I was focused on how I would enjoy my journey (playing sports and dating girls) with little thought as to where the trip would take me. It seems stupid now as I think about it, but that is just the point – I had no real plan. I was a kid who still thought in terms of doing what was fun at the time and did not think about where my daily choices might take me. Well, I grew up and learned many valuable lessons along the way; one of the most important being, that I needed to have a vision for where I wanted to go in life and then focus on how I was going to get there..

A very valuable piece of advice I received in this regard was from a mentor who had worked for many years as a manager in the business world. He shared that even the most daunting task can be broken down into smaller pieces that are more easily doable. In the same way, our life’s goals can be broken into bite–sized chunks that are not so difficult to achieve, one at a time. First, we need to decide what we want to accomplish and work back from there to where we are now to find our starting point.

My highest personal priority in life has always been to be an “impact player.” When I finally got serious about making a plan for my life, I decided to seek out someone who had led that kind of a life and learn from them. So I did just that and one thing has lead to another … and here I am. Notice that I focused on “what” I wanted to do, first and then “how” I would do it… I followed my dream and have discovered that the “steps” have taken care of themselves as I stayed focused on “the vision.”

If I had a plan as a young man in college, it was to never use a computer again once that computer science class was over. Now here I am sitting at my laptop sharing this idea. Isn’t it ironic how our methods can change even when our vision stays the same? If I knew then what I know now, I could have saved myself a lot of the frustration I felt early in life by focusing more on my objective than the methods by which I would achieve it.

“When you make your plans, first focus on where you want to go and then how you go about it will more easily fall into place.”

Sunday, September 5, 2010

Down Is The Way Up

“Humility is the foundation of all the other virtues hence, in the soul in which this virtue does not exist there cannot be any other virtue.” - Saint Augustine

Sometimes we are humbled to test our reaction before we can be lifted up. Have you been embarrassed or ashamed only to discover later that your experience was supremely valuable? Maybe your failure turned your life in an important direction that nothing else could have accomplished. I don’t seem to learn very much when everything is going wonderfully. It is usually my failures that get my attention best. What about you?

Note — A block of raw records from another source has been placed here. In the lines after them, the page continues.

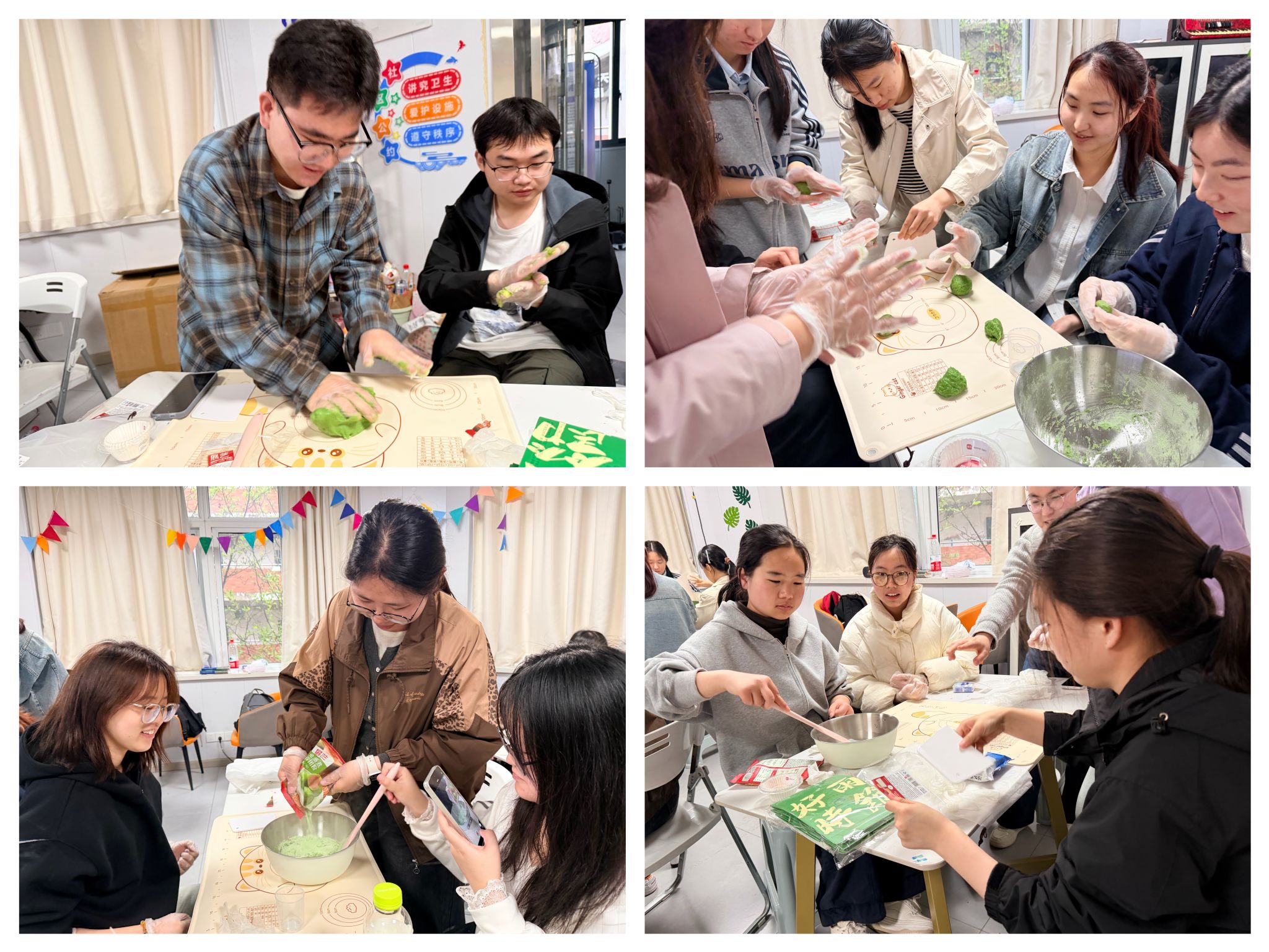 活动伊始,工作人员通过短片与现场讲解,生动科普青团的历史渊源、民俗寓意及制作工艺,从青汁提取、粉团配比到馅料调配、塑形蒸制,每一个环节都讲解细致。实操环节,现场氛围热烈有序。同学们挽袖俯身、分工协作,有的专注揉制青绿色面团,让其在掌心变得柔韧光滑;有的细心分割剂子,精准拿捏大小比例;有的手法娴熟地包裹豆沙、肉松等馅料,收口捏合间尽显匠心。大家相互交流经验,不时传来欢声笑语,一个个翠绿圆润的青团在众人手中诞生,春日的生机与传统的韵味交织弥漫。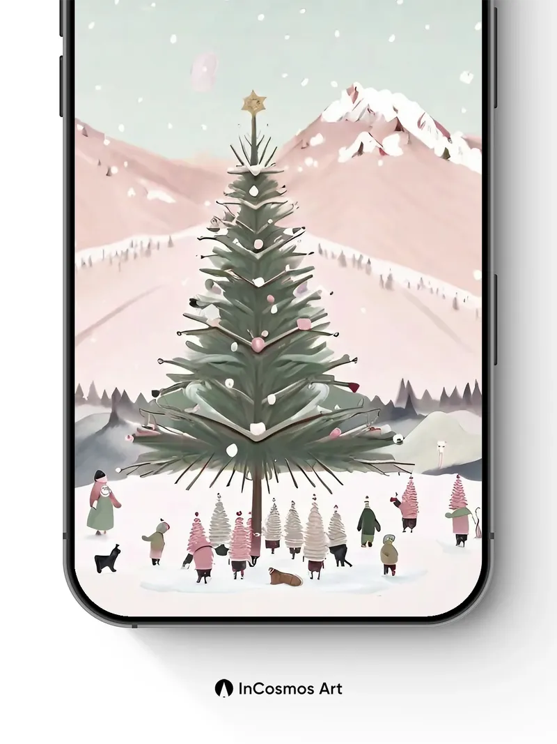 Debug product.metafields.custom.desc: Did you know snowflakes form unique hexagonal crystals as they descend through freezing air, each one a tiny, fleeting sculpture? Here, the quiet weight of winter settles over a forested valley where a grand pine stands crowned in gold, its branches heavy with soft white flakes and scattered pink ornaments. Below, villagers in warm coats gather like tiny figures in a living diorama, their breath curling into the cold, while a lone dog watches the sky. The mountains behind rise in pale rose hues, their peaks dusted with snow that glows under a hushed twilight.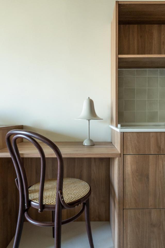 厨房的对面是超大的收纳区集合,既满足了小户型的收纳需求,又为业主阿姨打造了一个小小的更衣区。藤椅和一个复古的米色盆,让这个简单的家看起来更加复古。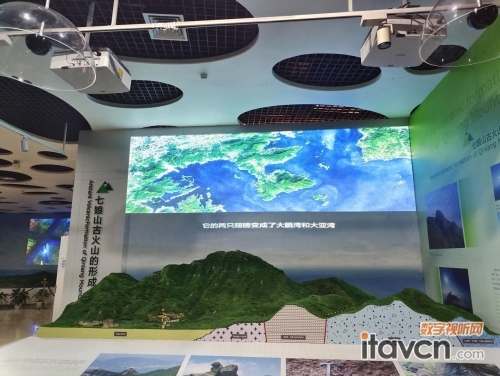 在館內,14臺NEC液晶激光工程投影機PA703UL+承擔起了博物館多媒體改造項目的重任。憑借7000流明高亮度、WUXGA分辨率及REC.2020廣色域等優勢,NEC PA703UL+將由古至今的各式地貌地形本真地還原在巨幕之上。加上設備內置的邊緣融合技術,多機融合畫面也能保持超高的一致性與和諧度,融合帶區域過渡平順自然,毫無視覺上的突兀感。在展示各種地貌的成因與現狀時,高清晰度的畫面完美還原了自然的神韻與山川湖泊的真實面貌,令游客紛紛感嘆大自然的鬼斧神工。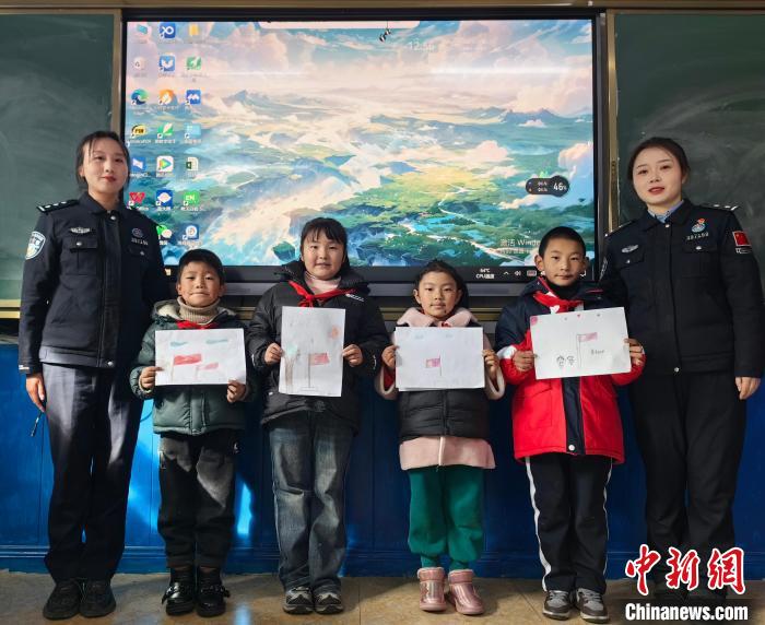 圖為玉麥邊境派出所民警與小朋友一起畫(huà)畫(huà)。扎西根培 攝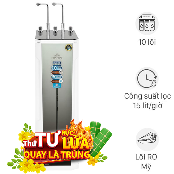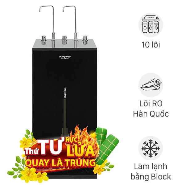 Máy có 10 lõi, gồm Hydrogen+ tạo nước giàu Hydrogen chống oxy hóa, tốt sức khỏe. Máy được trang bị ba chế độ nóng, nguội, lạnh từ hai vòi tiện lợi mọi nhu cầu. Công suất lọc 18 lít/giờ đảm bảo cung cấp đủ nước sạch liên tục cho gia đình đông thành viên sử dụng mà không phải chờ đợi lâu.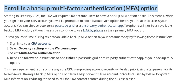 从2026年2月开始,CRA 将要求所有账户用户必须设置一个备用的双重验证(MFA)方式。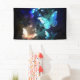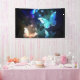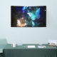 Fabulous, glowing, blue and yellow, night butterfly on dark background.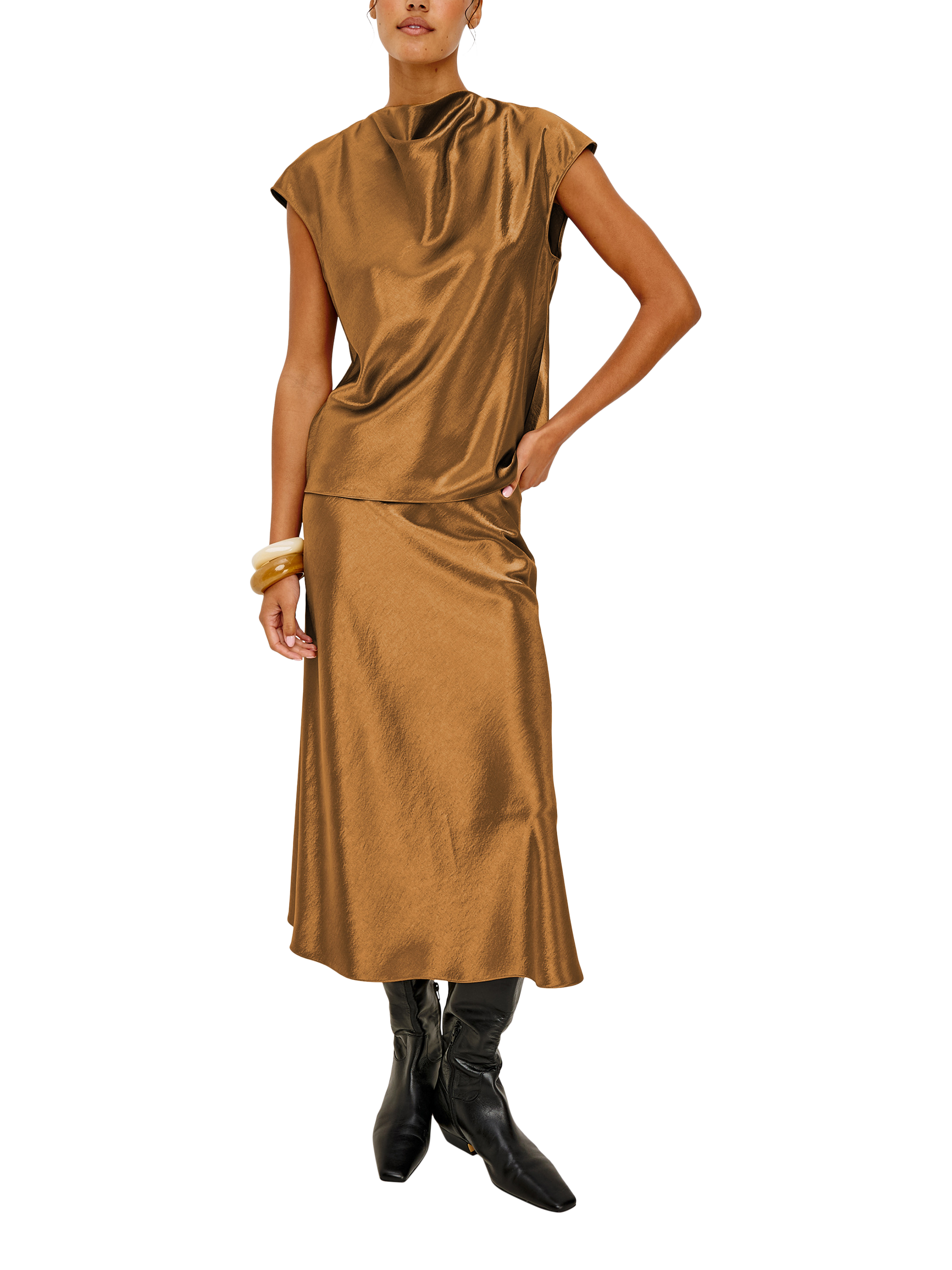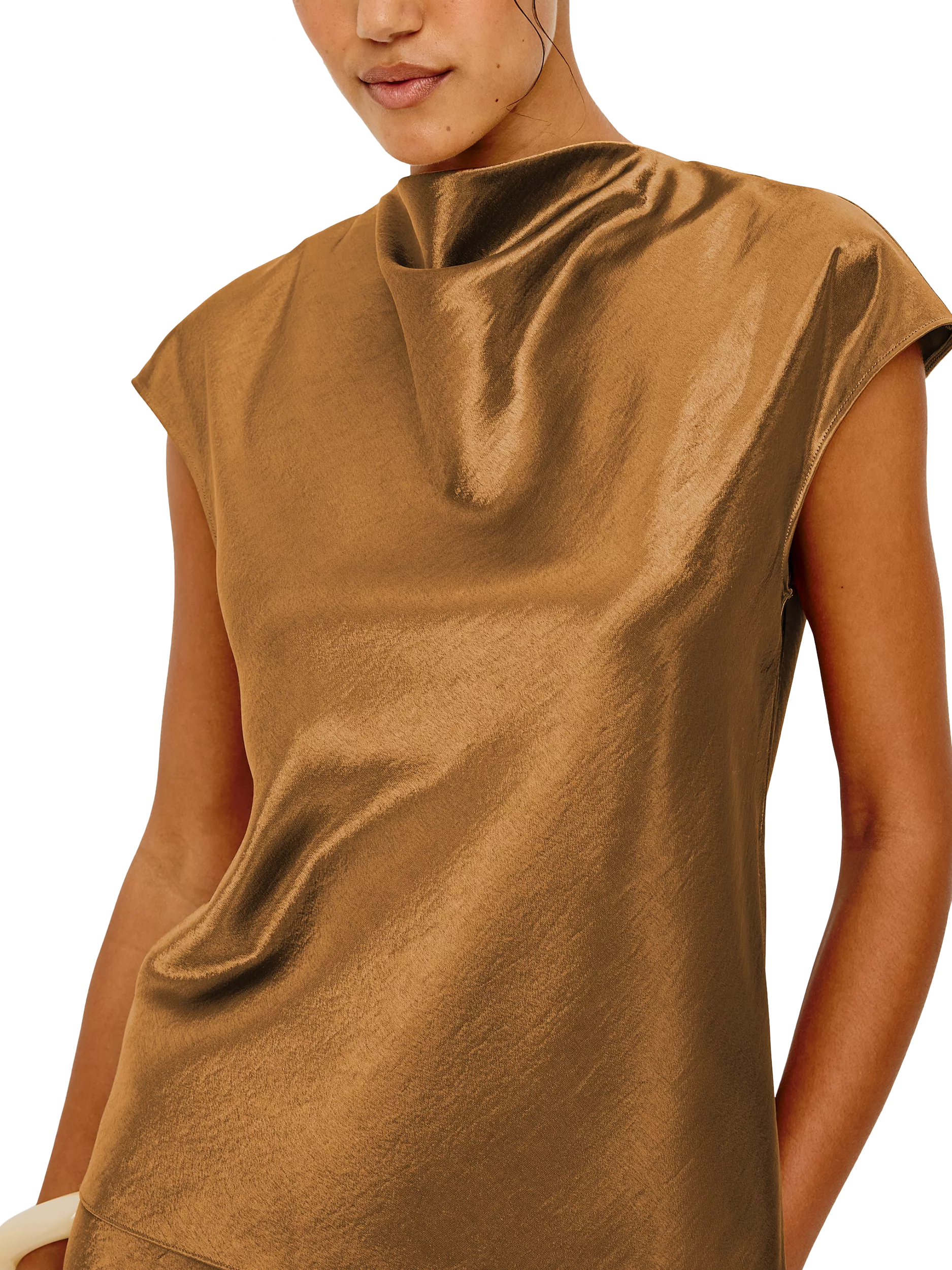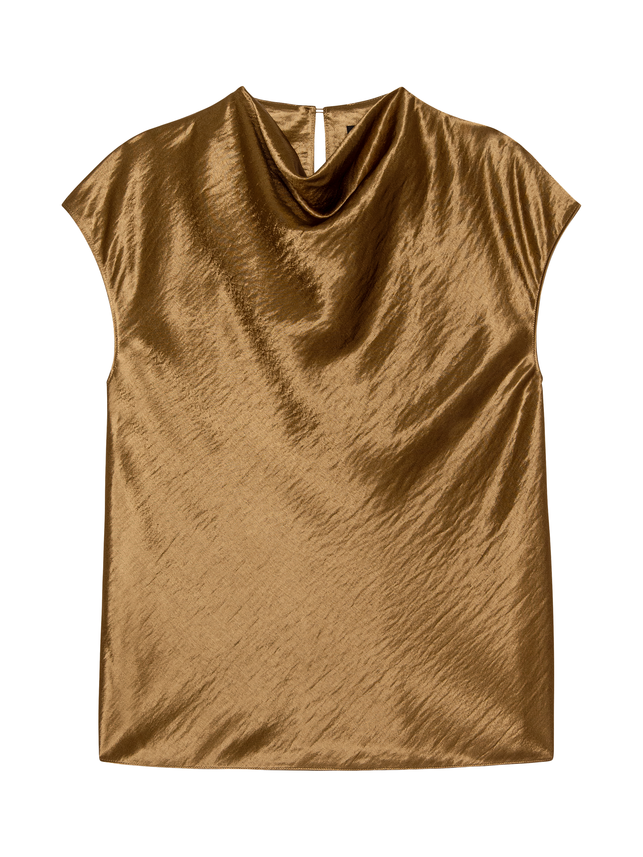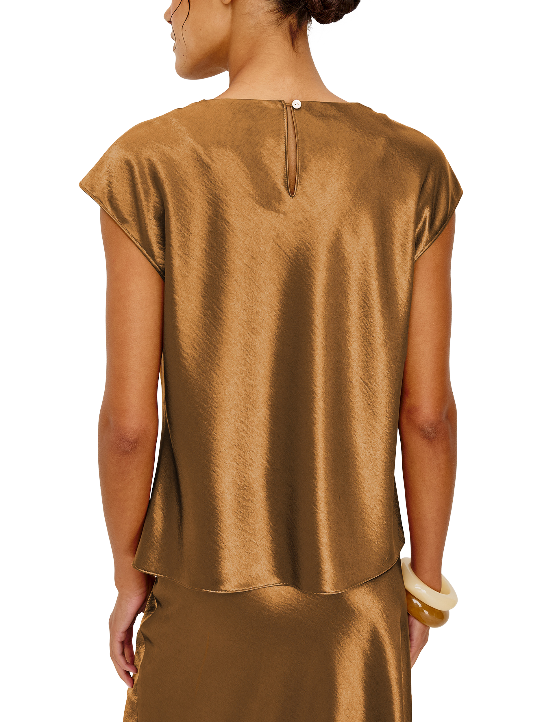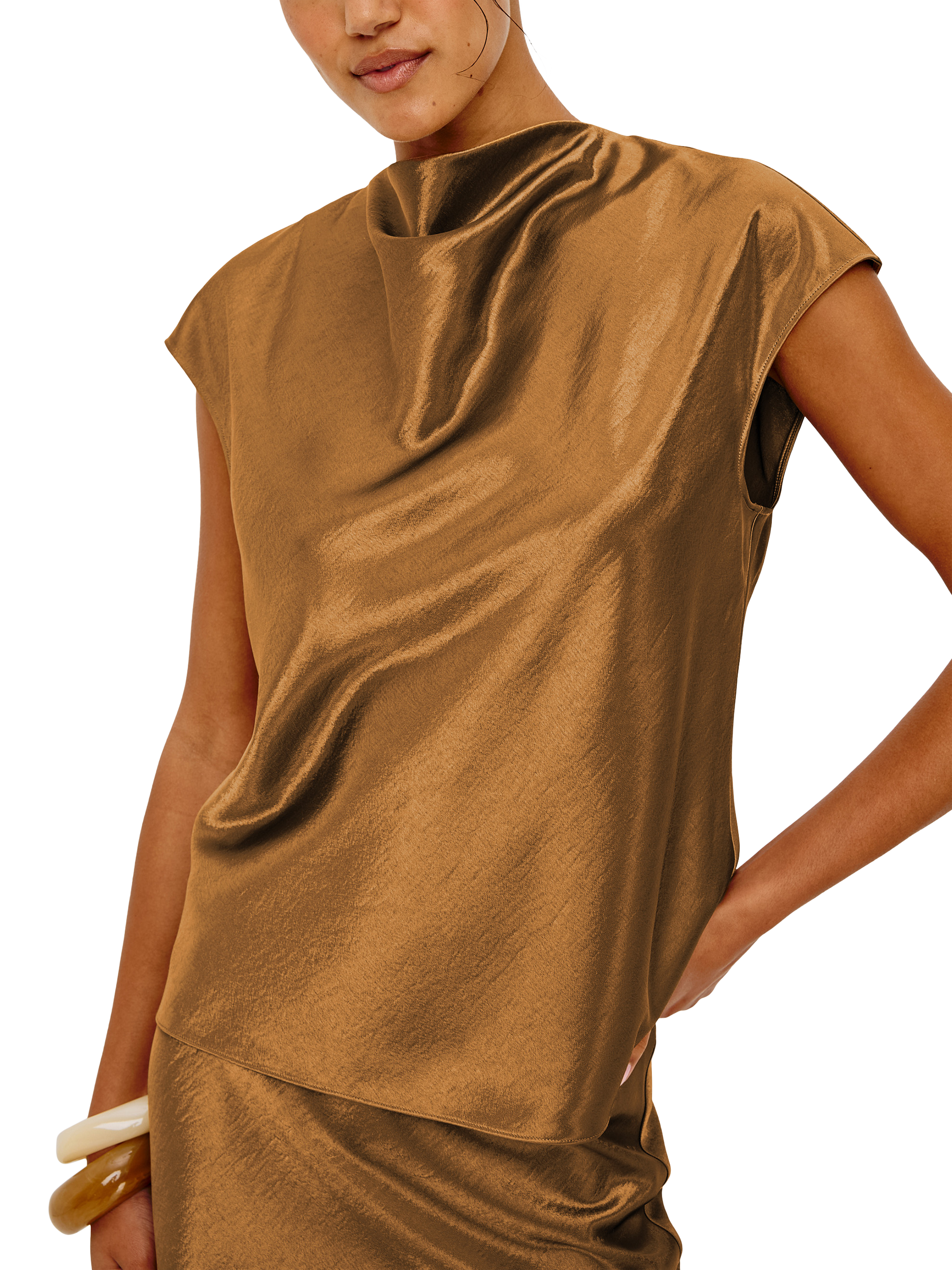 A dance of drape and detail, the Loretta glides with a luxuriously silky hand-feel and lustrous sheen. This versatile top features a cowl neckline, cap sleeves, and a buttoned keyhole back cutout.

A dear friend of mine was fresh out of college and invited to try out for a professional football team. In college he had been a force to reckon with as a defensive cornerback. But my friend was beat time and again that day by a rookie quarterback and wide-receiver combo that were also hoping to make big-time professional sports. My friend was cut from the team - a little discouraged, yes, but undeterred in his pursuit of excellence. He went on to be a very successful attorney with a career that lasted many decades.

I have found that down is often the way up. Anyone can handle success, but how we handle failure is a sign of greatness. Most leaders will suffer setbacks and discouragement; it goes with the territory if you are trying to accomplish something great. The one who is always playing it safe will never find out what kind of stuff they are made of.

Our failures and disappointments are not always what they appear to be either – maybe they are really just momentary set-backs as we focus in on the best course for our life. You may have heard of the quarterback that beat my friend that day in try-outs; his name was Johnny Unitas and the wide-receiver was none other than Raymond Berry – two of the greatest players to ever represent the Baltimore Colts and now both in the NFL Hall Of Fame.

“It is only after we humble ourselves that we are ready to be lifted up.”